## Your assignment
Copy every record exactly, leaving the pictures out.
---*---
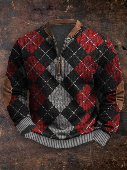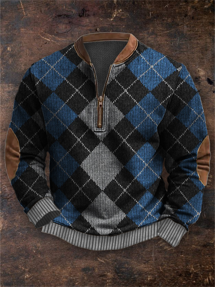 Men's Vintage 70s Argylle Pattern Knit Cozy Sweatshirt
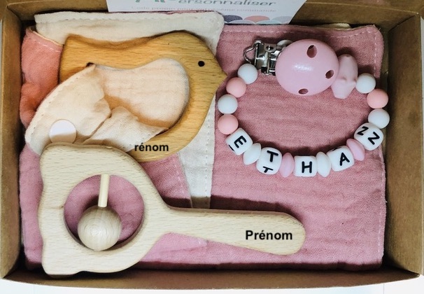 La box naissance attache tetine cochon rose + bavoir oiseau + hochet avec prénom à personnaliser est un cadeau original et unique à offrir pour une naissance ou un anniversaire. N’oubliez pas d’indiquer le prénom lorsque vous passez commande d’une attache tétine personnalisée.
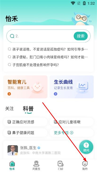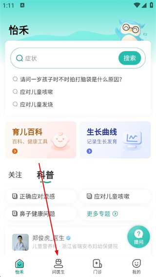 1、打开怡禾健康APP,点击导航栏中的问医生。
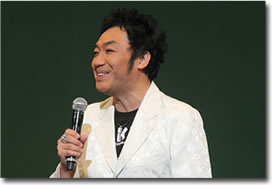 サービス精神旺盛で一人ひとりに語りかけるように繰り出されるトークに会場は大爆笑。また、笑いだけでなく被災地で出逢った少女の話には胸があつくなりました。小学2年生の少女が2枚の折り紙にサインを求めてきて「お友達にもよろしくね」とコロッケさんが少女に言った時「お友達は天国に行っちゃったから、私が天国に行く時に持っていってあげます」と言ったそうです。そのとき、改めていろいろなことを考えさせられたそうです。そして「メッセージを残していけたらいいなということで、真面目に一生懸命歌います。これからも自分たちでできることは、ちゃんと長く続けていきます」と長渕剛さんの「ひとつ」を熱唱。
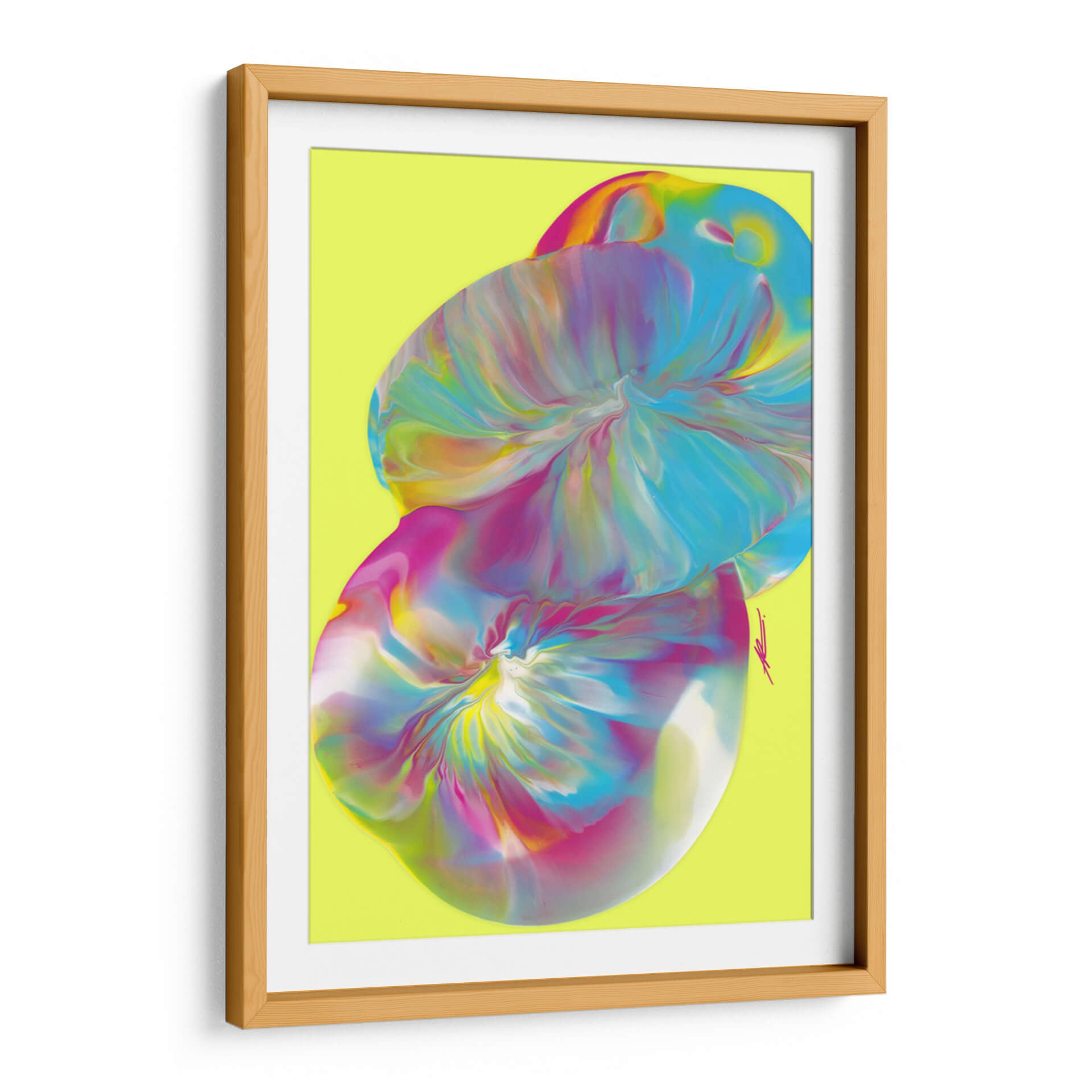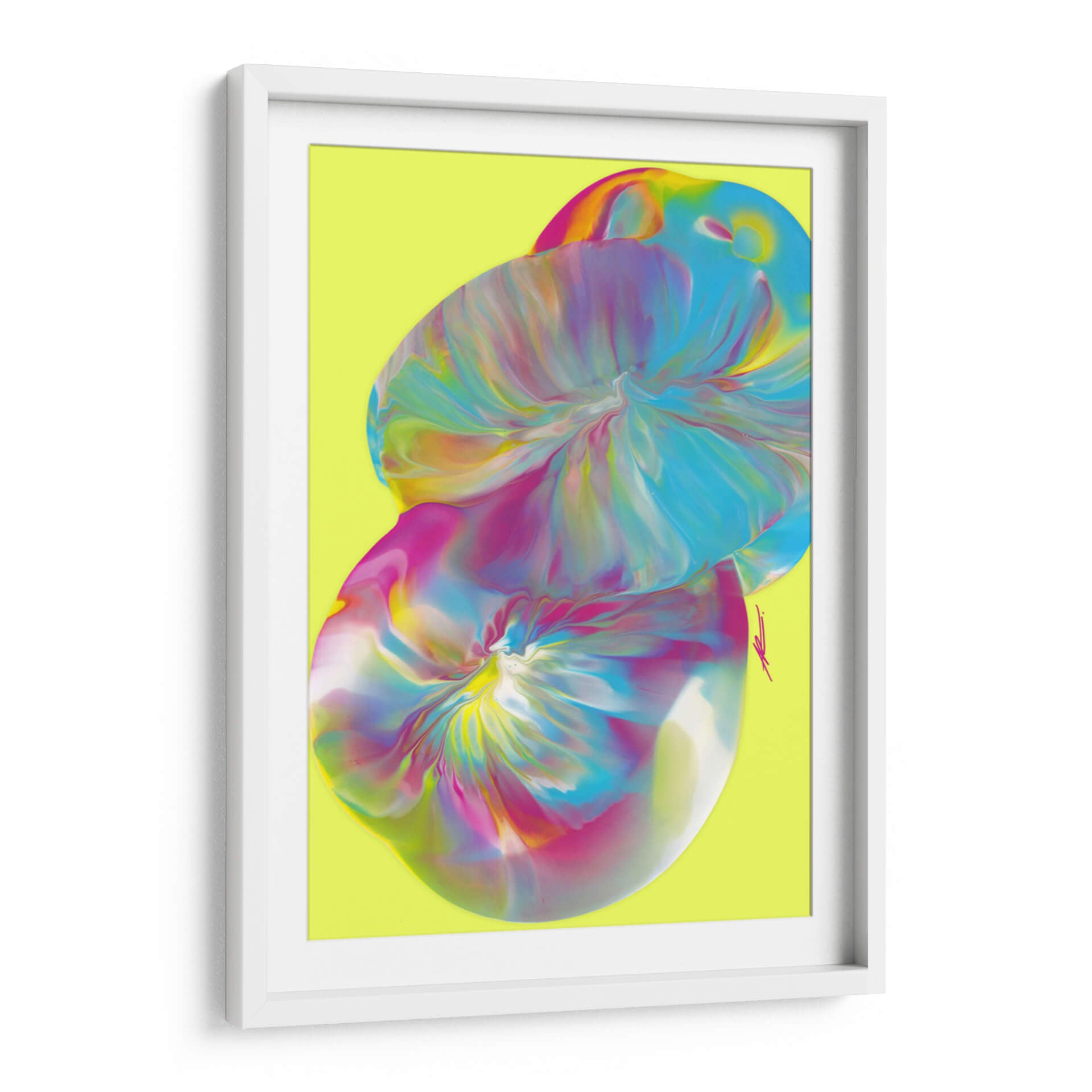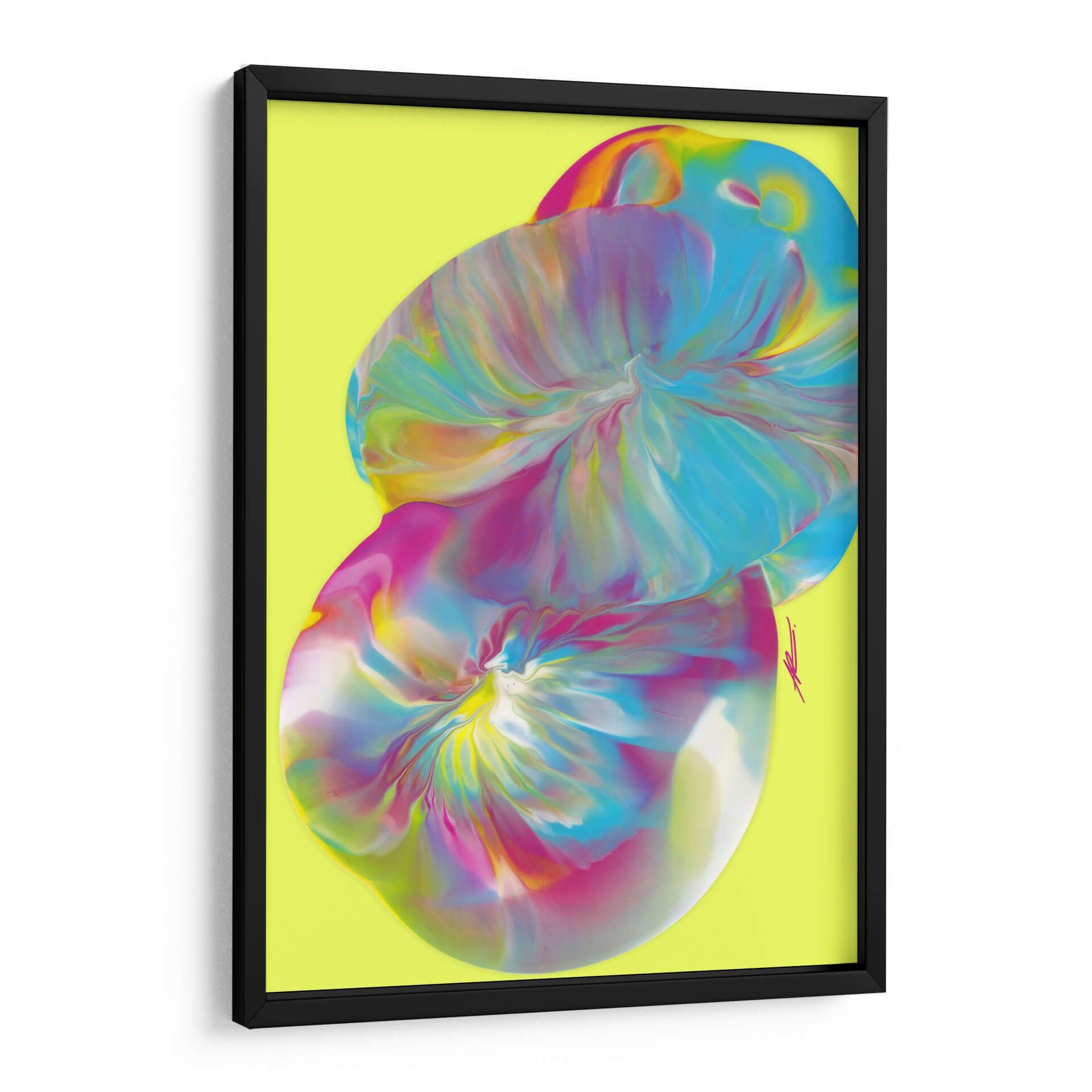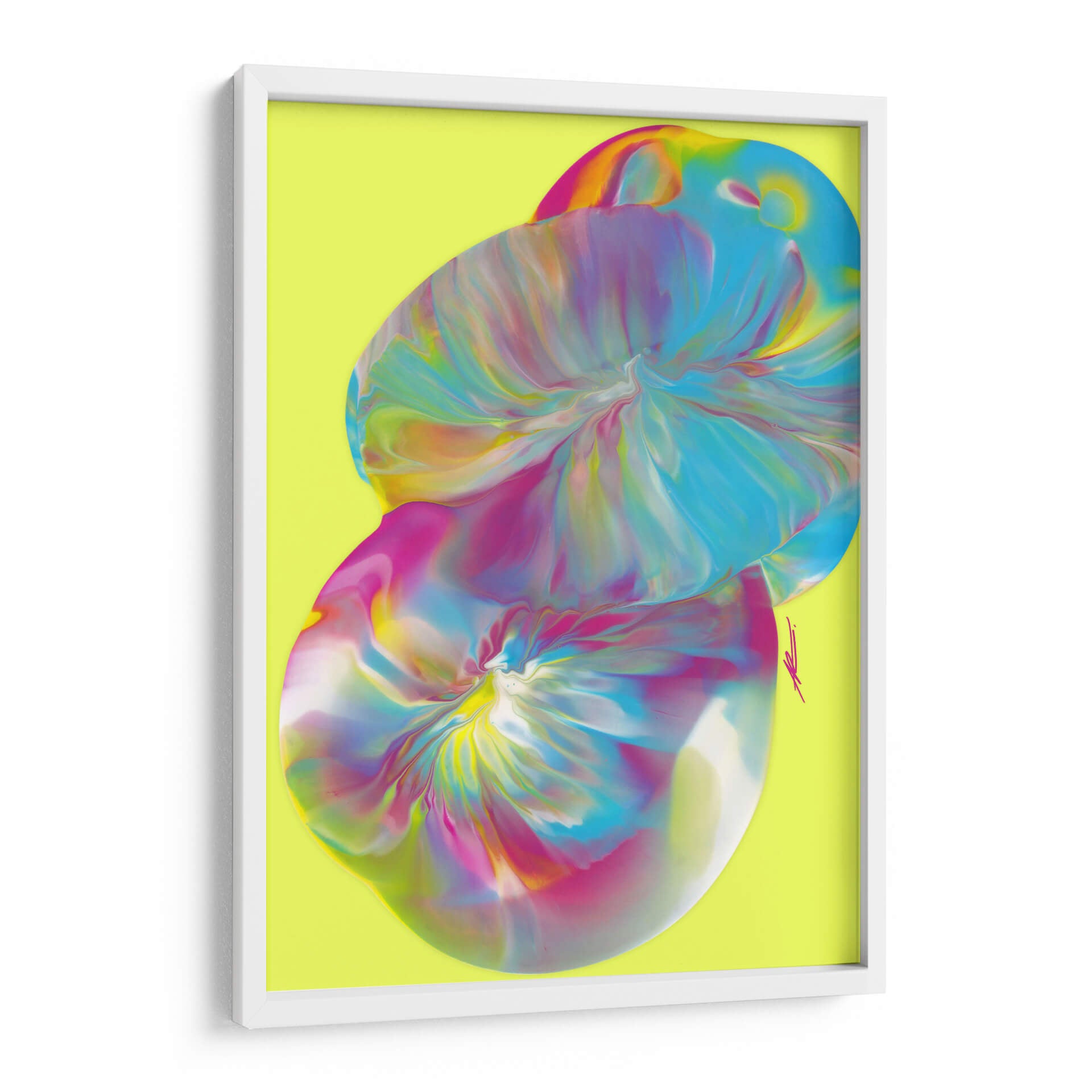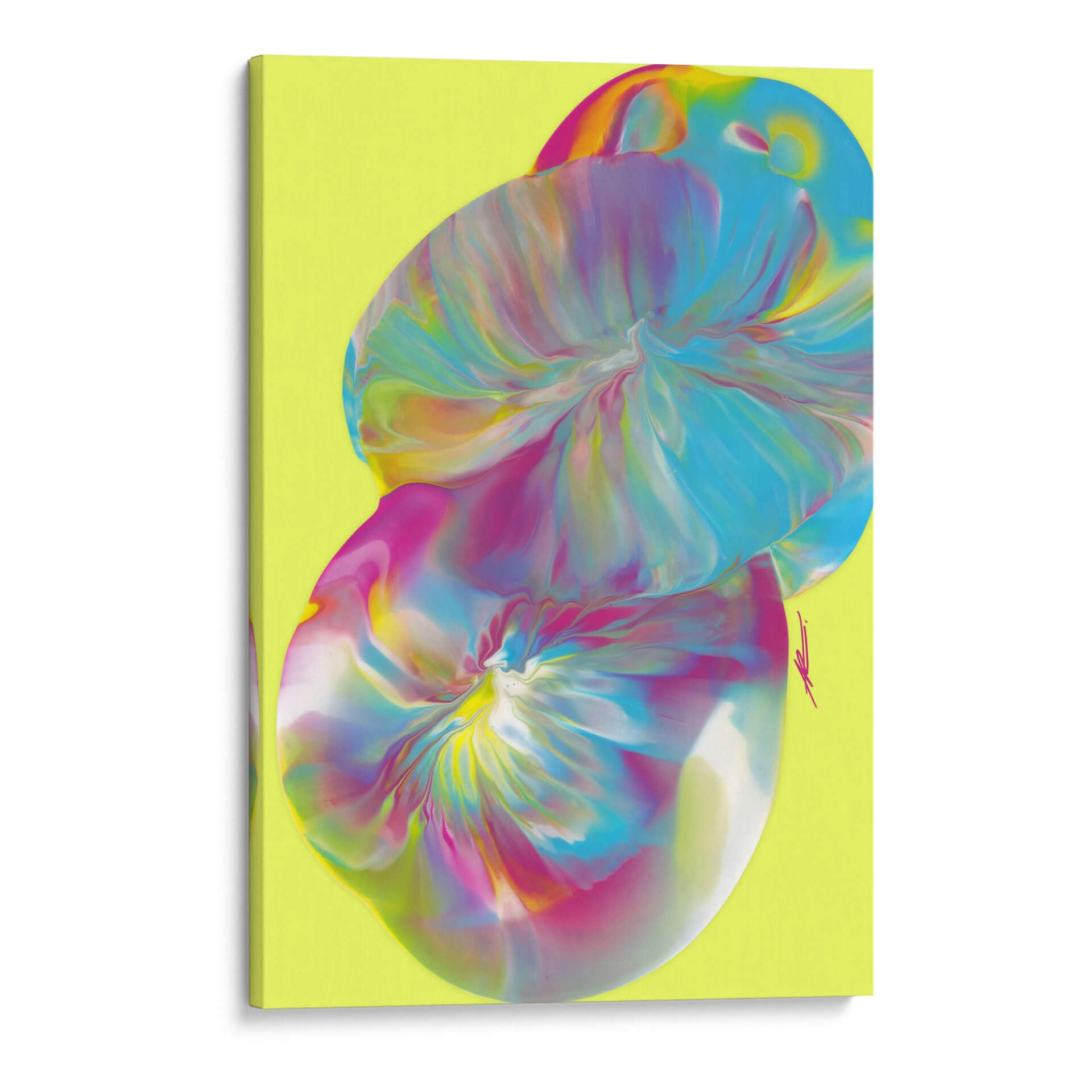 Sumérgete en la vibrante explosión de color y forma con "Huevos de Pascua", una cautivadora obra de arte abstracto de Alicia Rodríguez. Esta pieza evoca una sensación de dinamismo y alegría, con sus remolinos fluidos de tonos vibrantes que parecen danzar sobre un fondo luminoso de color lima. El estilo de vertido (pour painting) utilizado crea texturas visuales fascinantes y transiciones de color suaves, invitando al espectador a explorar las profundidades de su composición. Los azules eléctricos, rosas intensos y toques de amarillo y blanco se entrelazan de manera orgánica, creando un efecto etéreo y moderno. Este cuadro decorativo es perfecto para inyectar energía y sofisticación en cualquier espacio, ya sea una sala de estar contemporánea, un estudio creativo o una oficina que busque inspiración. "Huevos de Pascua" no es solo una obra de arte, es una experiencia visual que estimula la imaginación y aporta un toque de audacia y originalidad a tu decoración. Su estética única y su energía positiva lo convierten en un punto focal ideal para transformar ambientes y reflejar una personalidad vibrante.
---*---
## Answer section
 Men's Vintage 70s Argylle Pattern Knit Cozy Sweatshirt
 La box naissance attache tetine cochon rose + bavoir oiseau + hochet avec prénom à personnaliser est un cadeau original et unique à offrir pour une naissance ou un anniversaire. N’oubliez pas d’indiquer le prénom lorsque vous passez commande d’une attache tétine personnalisée.
 1、打开怡禾健康APP,点击导航栏中的问医生。
 サービス精神旺盛で一人ひとりに語りかけるように繰り出されるトークに会場は大爆笑。また、笑いだけでなく被災地で出逢った少女の話には胸があつくなりました。小学2年生の少女が2枚の折り紙にサインを求めてきて「お友達にもよろしくね」とコロッケさんが少女に言った時「お友達は天国に行っちゃったから、私が天国に行く時に持っていってあげます」と言ったそうです。そのとき、改めていろいろなことを考えさせられたそうです。そして「メッセージを残していけたらいいなということで、真面目に一生懸命歌います。これからも自分たちでできることは、ちゃんと長く続けていきます」と長渕剛さんの「ひとつ」を熱唱。
 Sumérgete en la vibrante explosión de color y forma con "Huevos de Pascua", una cautivadora obra de arte abstracto de Alicia Rodríguez. Esta pieza evoca una sensación de dinamismo y alegría, con sus remolinos fluidos de tonos vibrantes que parecen danzar sobre un fondo luminoso de color lima. El estilo de vertido (pour painting) utilizado crea texturas visuales fascinantes y transiciones de color suaves, invitando al espectador a explorar las profundidades de su composición. Los azules eléctricos, rosas intensos y toques de amarillo y blanco se entrelazan de manera orgánica, creando un efecto etéreo y moderno. Este cuadro decorativo es perfecto para inyectar energía y sofisticación en cualquier espacio, ya sea una sala de estar contemporánea, un estudio creativo o una oficina que busque inspiración. "Huevos de Pascua" no es solo una obra de arte, es una experiencia visual que estimula la imaginación y aporta un toque de audacia y originalidad a tu decoración. Su estética única y su energía positiva lo convierten en un punto focal ideal para transformar ambientes y reflejar una personalidad vibrante.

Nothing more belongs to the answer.